The growth paradox: When numbers deceive
Africa’s macroeconomic statistics mask a troubling reality. Nigeria’s 2.5 percent GDP growth in Q2 2025 coexists with declining real incomes and 40 percent of citizens below the poverty line. This pattern repeats across the continent, where average GDP growth conceals profound inequality and exclusion. The structural problem lies in growth concentration within low-linkage sectors that generate minimal employment. Nigeria’s economy remains heavily dependent on oil exports and services sectors with limited backward and forward linkages, while manufacturing contributes less than 10 percent of GDP. This has left 93 percent of Nigerian employment in the informal sector, offering little productivity, taxation, or worker protection. Infrastructure gaps, particularly in electricity and transport, cripple productivity across the continent. Export baskets remain dominated by raw commodities, while real GDP consistently trails potential output. Even where macro reforms are introduced—such as fuel subsidy removals or foreign exchange unification—they often lack social cushioning and coherence.

Redefining the debt crisis: Quality over quantity
Conference participants challenged conventional wisdom about Africa’s debt burden, presenting evidence that the continent is actually “under-borrowing” relative to other regions when adjusted for population, GDP, and development needs. The real crisis is not debt volume but debt efficiency and utilisation. Much of Africa’s recent debt has funded recurrent expenditure or poorly executed capital projects, with corruption and procurement inefficiencies eroding economic returns. This efficiency gap explains why African countries simultaneously experience debt stress while remaining unable to finance critical infrastructure and social programmes. Nigeria exemplifies this paradox. Despite revenue increases reaching ₦6.9 trillion, widespread poverty persists because debt structures prioritise servicing over productive investments. The debt landscape has shifted dramatically, with China, India, and other emerging economies replacing traditional Paris Club creditors, while domestic debt now outweighs foreign debt in many African countries. The solution is not debt avoidance but securing efficient, productive, and transparent debt anchored in high-return investments in infrastructure, energy, education, and climate resilience. This requires extensive economic diversification first—productivity growth must lead to income growth, creating broader tax bases.

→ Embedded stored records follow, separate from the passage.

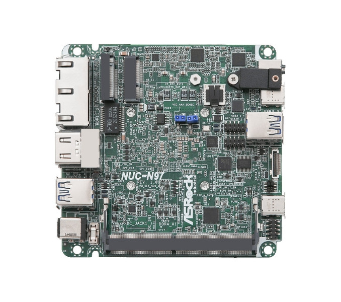 Intel Celeron N3350 1.8" Femto-ITX SBC with DDR4, up to 64GB eMMC, Micro HDMI, 1x GbE LAN, 2x USB 3.2, 2x USB 2.0 and 40-pin GPIO.
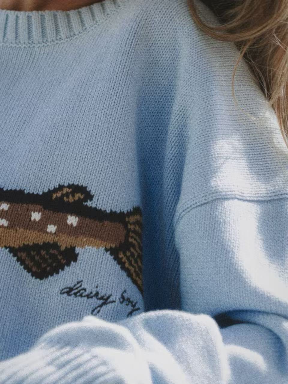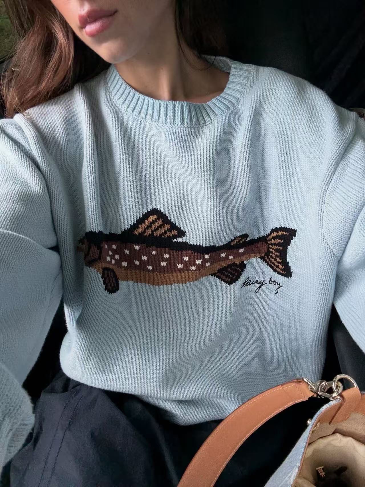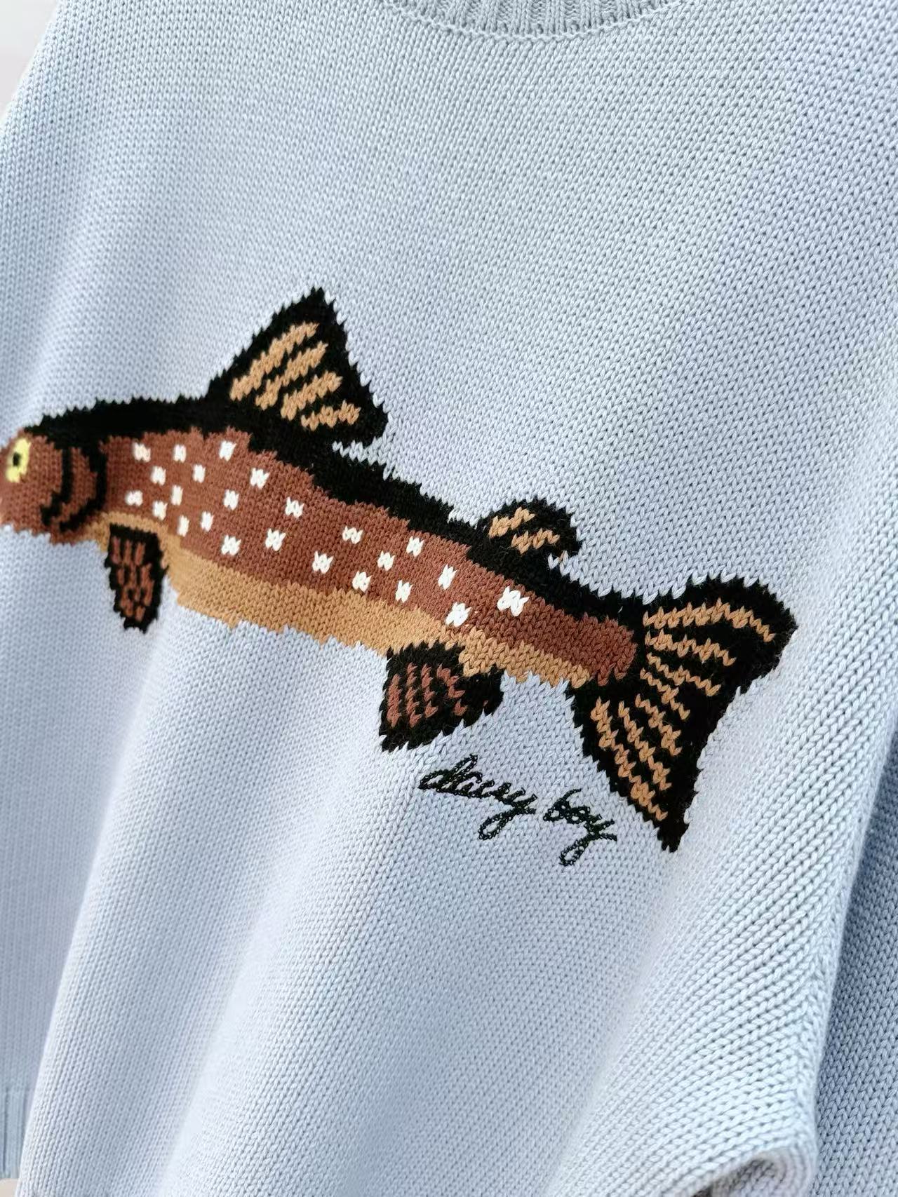 2025早秋 D家 手繪嵌織魚圖案落肩毛衣
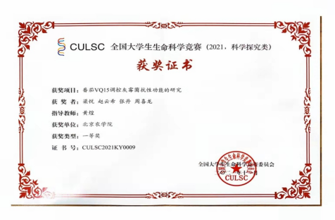 近日,在fun88官网体育黄煌老师的指导下梁悦、赵云希、张丹、周喜龙组成的团队,凭借《番茄VQ15调控灰霉菌抗性功能的研究》荣获全国老员工生命科学竞赛——科学探究类一等奖。
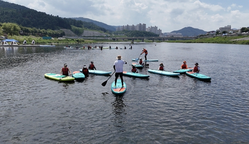 홍천강 별빛음악 맥주축제와 연계해 진행된 이번 행사는 평소 시민들의 휴식공간인 홍천강에서 패들보드를 체험해 볼 수 있는 이색 프로그램으로 구성됐으며, 총 500여 명의 참가자들이 수상레저를 즐겼다.
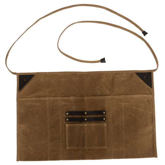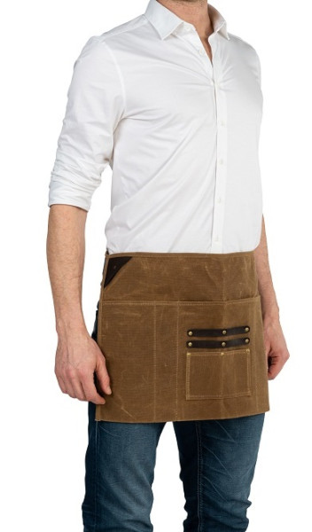 gewachste Baumwolle, lange Bindebänder, vorne mit diversen Taschen, Akzente in Lederimitat mehr
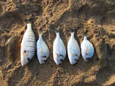 Che strano avevano iniziato a mangiare alle cinque. Preso da un eccitazione incontrollabile cambiai nuovamente le esche e nel giro di 10 minuti presi ancora due oratelle, una sul calamaro e l'altra sull'arenicola. Poi ancora due mangiate a vuoto e poi
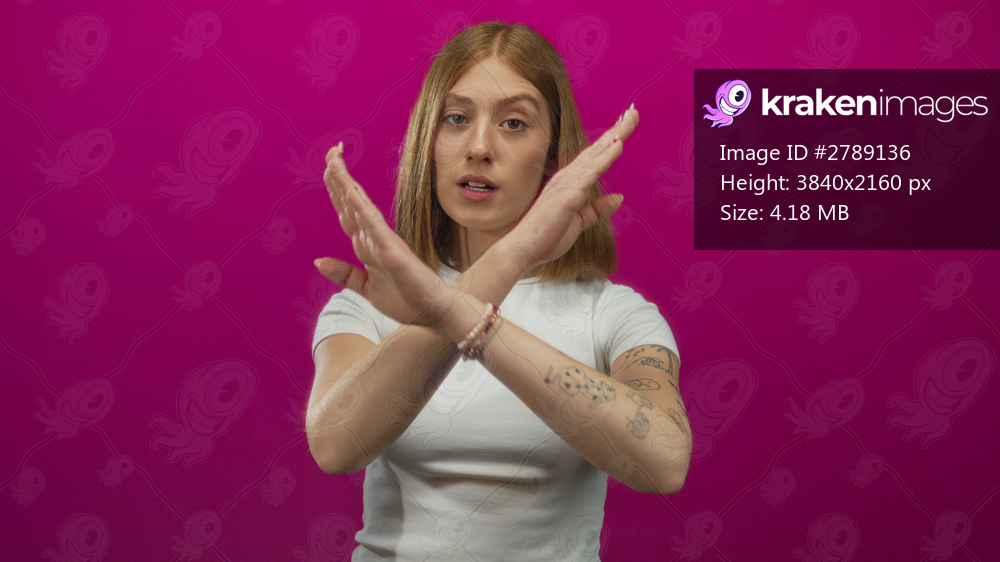 Young blonde woman making stop gesture with crossed arms against vibrant pink background
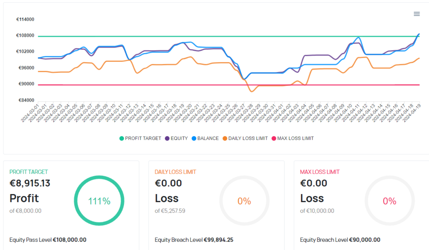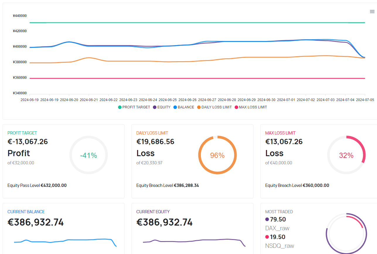 As of today, the €400K challenge account looks as follows: due to the proximity to the daily loss limit, I shouldn’t take any trades today. Pushing closer to that threshold is a razor’s edge I must avoid.
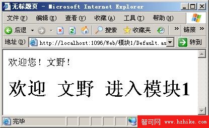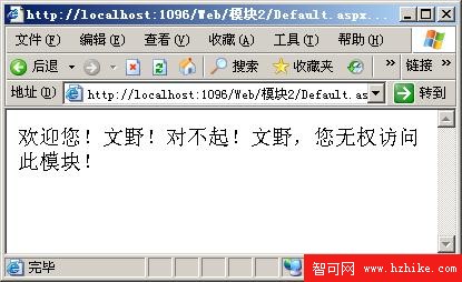 二、 假設有兩個用戶,一個“文野”,一個“stwyhm”,文野可以訪問模塊1,stwyhm可以訪問模塊2,當他們訪問各自有權訪問的模塊時,顯示模塊給出的歡迎詞,如果訪問的模塊沒有訪問權限,給出錯誤提示。其它用戶只能訪問指定模塊以後的頁面。
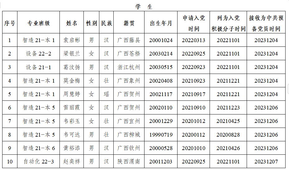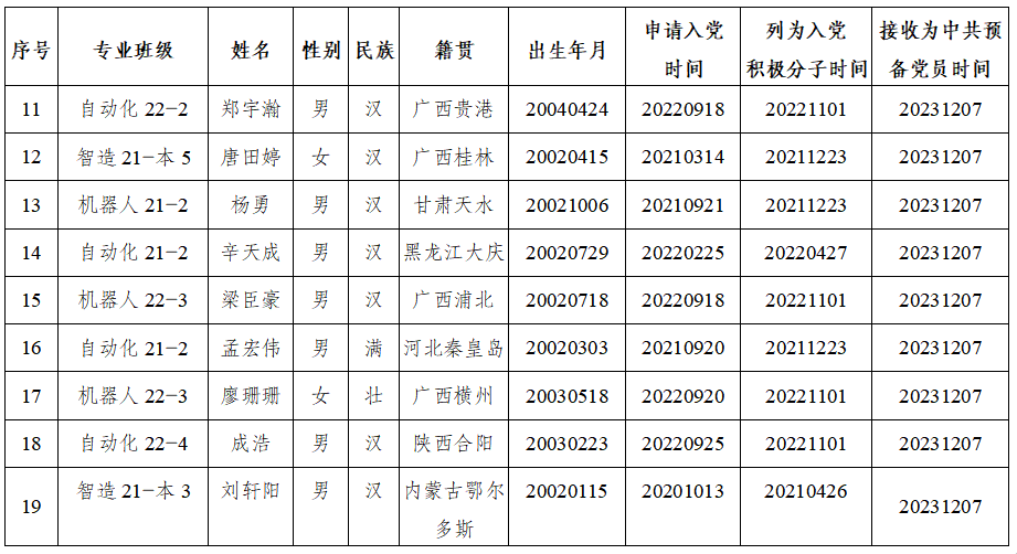经党组织一年以上的培养教育,袁启彬等19名预备党员预备期满(其中机械与控制工程学院学生19人),机械与控制工程学院党支部拟在近期召开党员大会讨论他们的转正问题。为了进一步增强发展党员工作的透明度,严格发展党员工作程序,根据《中国共产党发展党员工作细则(试行)》和自治区党委组织部关于印发《关于在发展党员工作中实现入党前公示的暂行规定》的通知(桂组通字〔2000〕91号)文件的有关精神,现将近期拟讨论转正问题的预备党员名单公示如下,公示期为5个工作日,自2024年11月28日至2024年12月04日止。对以下19名同志的转正问题,如有异议,请以书面形式并署真实姓名,于2024年12月04日前向机械与控制工程学院委员会反映。

The data deficit: Planning in the dark
A critical conference finding was the crippling absence of reliable data across Africa. As Dr Okonjo-Iweala emphasised, “Without quality data, policy cannot succeed.” This constitutes more than a technical challenge—it represents a fundamental barrier to effective governance and development. Across the continent, household surveys are infrequent or incomplete, labour statistics are outdated, and national budgets remain opaque. Poor data infrastructure creates multiple development handicaps: governments cannot effectively target interventions, private investors struggle with decision-making, and international partners impose one-size-fits-all solutions. Nigeria’s frequent GDP rebasing exercises reveal significant previously uncounted economic activity, suggesting systematic underestimation of performance. Similarly, poverty measurements vary dramatically depending on methodology, complicating targeted intervention strategies. The conference demanded a data revolution: investments in statistical agencies and digital platforms, standardised open-source databases across ministries, and integration of satellite, fintech, and mobile data for real-time insights.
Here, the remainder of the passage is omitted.